Main Event Orlando at 9101 International Drive was cited for 5 high-severity violations. Inspectors found food not cooked to required minimum temperatures, no employee health policy, an employee not reporting illness symptoms, and two separate toxic chemical violations: chemicals improperly stored or labeled and toxic substances improperly identified, stored, or used. The entertainment venue sits inside the I-Drive shopping complex and draws high volumes of families during holiday weeks.
Waffle House No. 1321 at 1512 N. John Young Parkway in Kissimmee was cited for 5 high-severity violations, including improper handwashing technique, inadequate shell stock identification records, parasite destruction procedures not followed, toxic chemicals improperly stored or labeled, and no allergen awareness demonstrated. Intermediate violations included inadequate cooling and cold-holding equipment.
What These Violations Mean
The most common high-severity violation across this week's 12 facilities was improper hand and arm washing technique, cited at nine locations. This is distinct from simply not washing hands. It means employees attempted to wash but did so incorrectly, leaving pathogens on their hands before touching food. Studies show that technique failures can leave more than 90 percent of bacteria on skin after a wash attempt.
Three facilities, Joyful Tasty Palace, Avanti Palms Resort, and Cow Restaurant, were cited for receiving food from unapproved or unknown sources. For tourists, this is the violation with the least visibility and the highest consequence. There is no government inspection record for food that enters a kitchen from an unlicensed supplier. If someone gets sick, there is no chain of custody to trace.
The shell stock identification failure at A&T Buffalo Wings, Avanti Palms Resort, Grazie, Wendy's No. 2708, and Waffle House No. 1321 carries a specific traceability risk. Shellfish are among the most common vehicles for norovirus and Vibrio, and harvest tags are the only mechanism to link a sick customer to a specific source. Without them, an outbreak investigation starts without a map.
Main Event Orlando and Thai Island Orlando were both cited for violations involving toxic chemicals or substances, alongside food-handling failures.

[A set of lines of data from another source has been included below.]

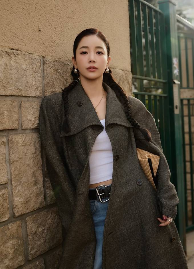기은세, 파리 거리 누빈 42세 걸리시 미모! 양갈래 헤어에 테일러링 실루엣 롱 코트룩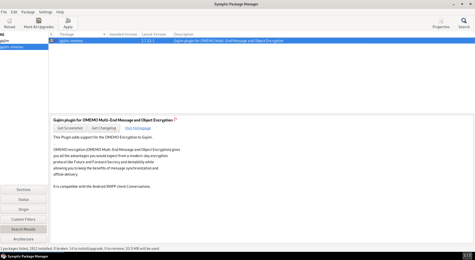 Once package manger is open, click the search on the right, and search for gajim-omemo
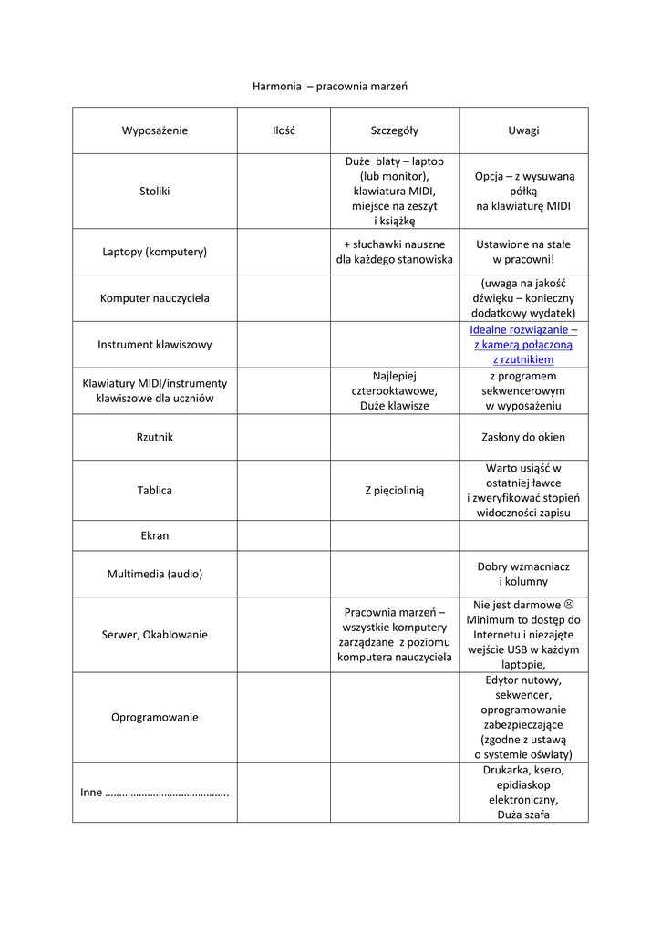 Harmonia – pracownia marzeń Wyposażenie Ilość Szczegóły Uwagi Stoliki Duże blaty – laptop (lub monitor), klawiatura MIDI, miejsce na zeszyt i książkę Opcja – z wysuwaną półką na klawiaturę MIDI Laptopy (komputery) + słuchawki nauszne dla każdego stanowiska Ustawione na stałe w pracowni! Najlepiej czterooktawowe, Duże klawisze (uwaga na jakość dźwięku – konieczny dodatkowy wydatek) Idealne rozwiązanie – z kamerą połączoną z rzutnikiem z programem sekwencerowym w wyposażeniu Komputer nauczyciela Instrument klawiszowy Klawiatury MIDI/instrumenty klawiszowe dla uczniów Rzutnik Zasłony do okien Tablica Warto usiąść w ostatniej ławce i zweryfikować stopień widoczności zapisu Z pięciolinią Ekran Dobry wzmacniacz i kolumny Multimedia (audio) Serwer, Okablowanie Oprogramowanie Inne …………………………………….. Pracownia marzeń – wszystkie komputery zarządzane z poziomu komputera nauczyciela Nie jest darmowe Minimum to dostęp do Internetu i niezajęte wejście USB w każdym laptopie, Edytor nutowy, sekwencer, oprogramowanie zabezpieczające (zgodne z ustawą o systemie oświaty) Drukarka, ksero, epidiaskop elektroniczny, Duża szafa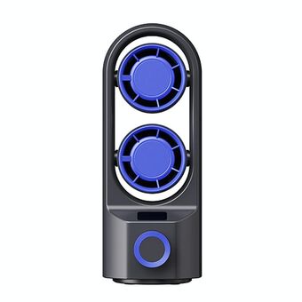 Outdoor Portable Waist High Wind Leafless Hanging Neck Fan With Power Function(Time Wind Blue)
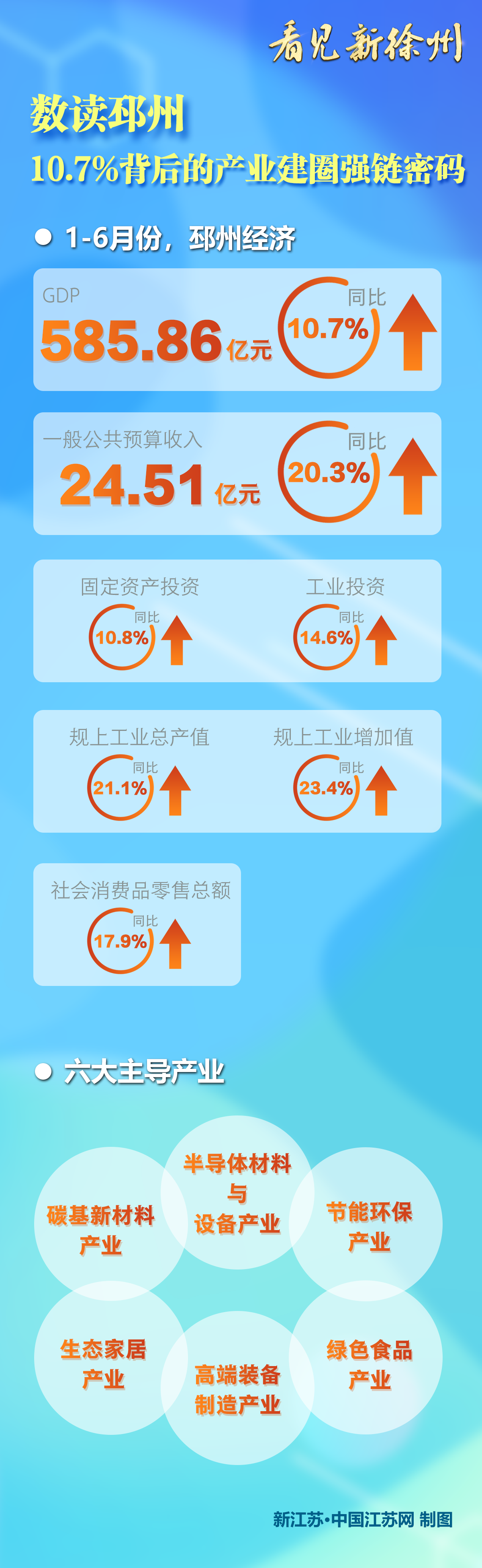 新江苏·中国江苏网讯 1-6月份,GDP实现585.86亿元、同比增长10.7%;一般公共预算收入24.51亿元、同比增长20.3%;固定资产投资同比增长10.8%,工业投资同比增长14.6%,规上工业总产值同比增长21.1%,规上工业增加值同比增长23.4%,社会消费品零售总额同比增长17.9%……2023年上半年,邳州市沿着争创高质量发展示范市的时间表、任务书和路线图序时推进,一连串数据,显示出经济大盘“稳”、动力“进”、质效“升”的发展态势。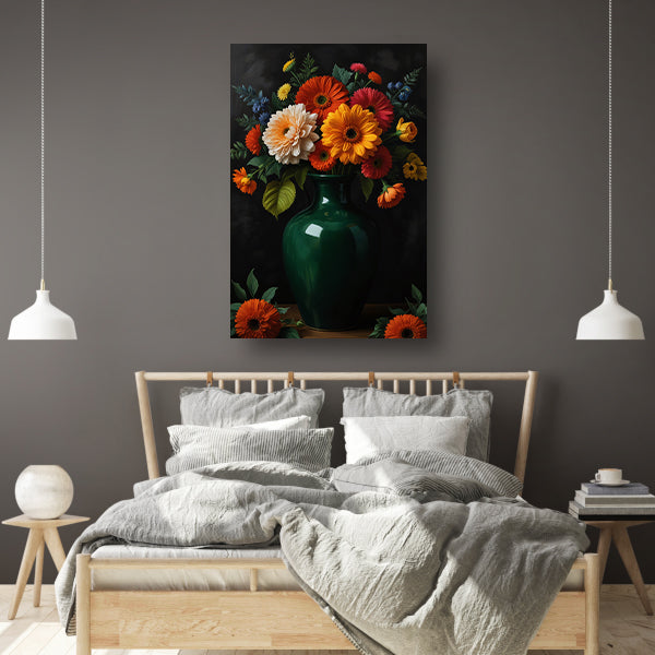 Weelderig Bloemenboeket in Groene Vaas poster

The chemical violations are acute risks, not theoretical ones. Cleaning solutions stored near food or in unlabeled containers have caused poisoning events when transferred into drink containers or sprayed near open food.
The Longer Record
The data does not include prior inspection counts for these specific facilities, so it is not possible from this week's records alone to say whether these findings represent a pattern of repeat violations or a one-time failure. What the record does show is the breadth of the problem across the tourist corridor during one of the highest-traffic weeks of the year.

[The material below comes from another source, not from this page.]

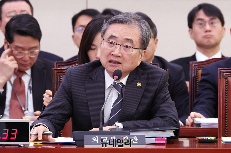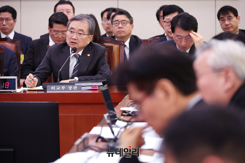 조현 외교부 장관이 28일 국회 외교통일위원회에서 열린 현안질의에 참석해 의원들의 질문에 답하고 있다.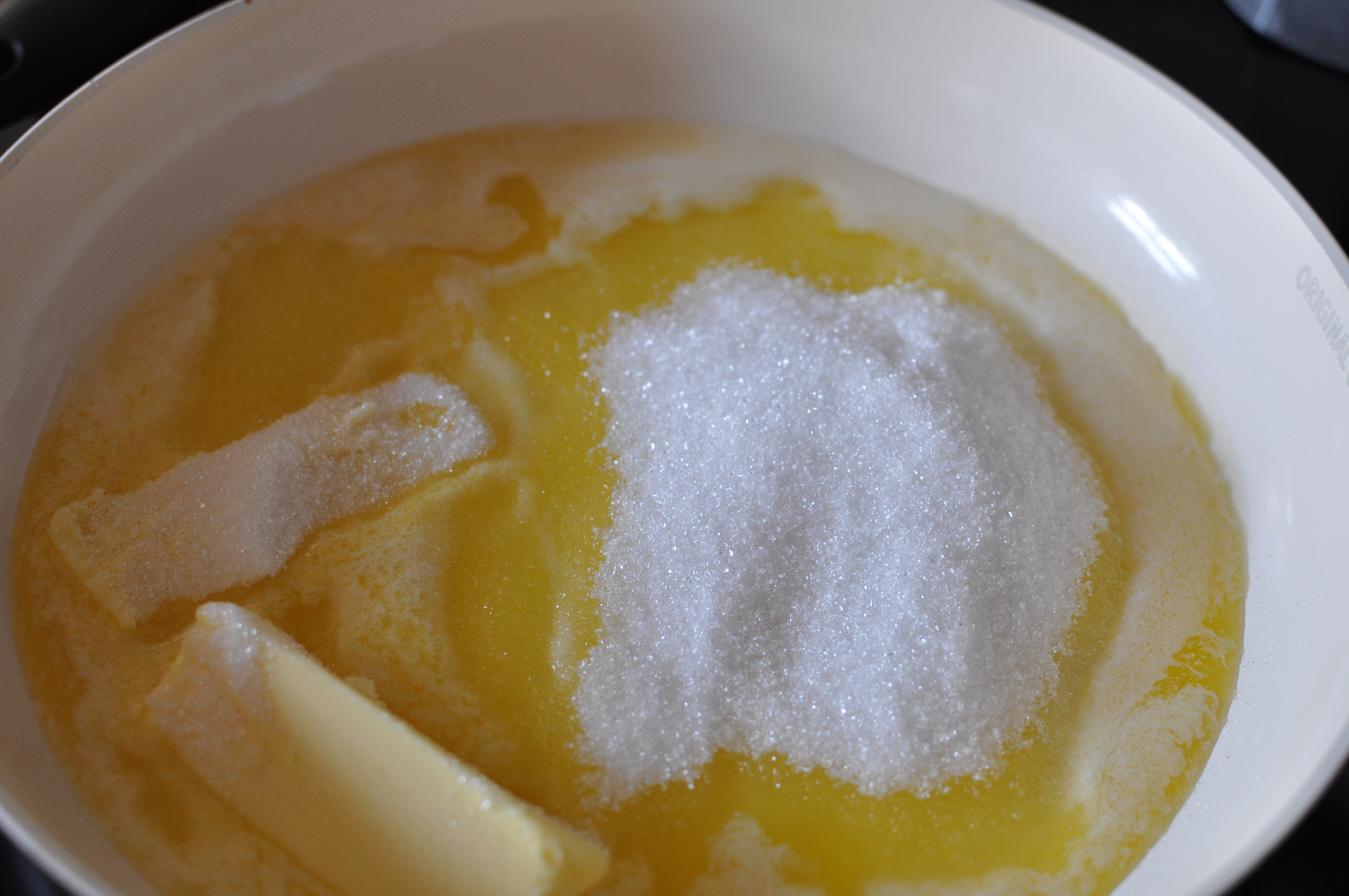 Tikmēr pannā izkausē sviestu un cukuru, pievieno pienu aktīvi maisot. Tad pievieno un nedaudz apcep arī mandeļu skaidiņas.

What is notable is the geography. Avanti Palms Resort on International Drive and Main Event Orlando on the same street are not neighborhood restaurants. They are tourist-facing operations that during the July Fourth week would have served visitors from across the country and abroad, guests with no prior knowledge of these facilities and no way to check their inspection history before ordering.

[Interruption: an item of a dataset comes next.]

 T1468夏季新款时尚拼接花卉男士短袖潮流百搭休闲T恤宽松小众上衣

Wendy's No. 2708 on East Colonial Drive is part of a national chain with standardized training protocols, which makes the parasite destruction and shell stock identification citations harder to explain as oversight. Those violations require active failures in documentation and food-handling procedure, not just a missed cleaning step.
Waffle House No. 1321 in Kissimmee drew inadequate cooling and cold-holding equipment as an intermediate violation, meaning the physical infrastructure of that kitchen was not capable of keeping food at required temperatures when inspectors arrived.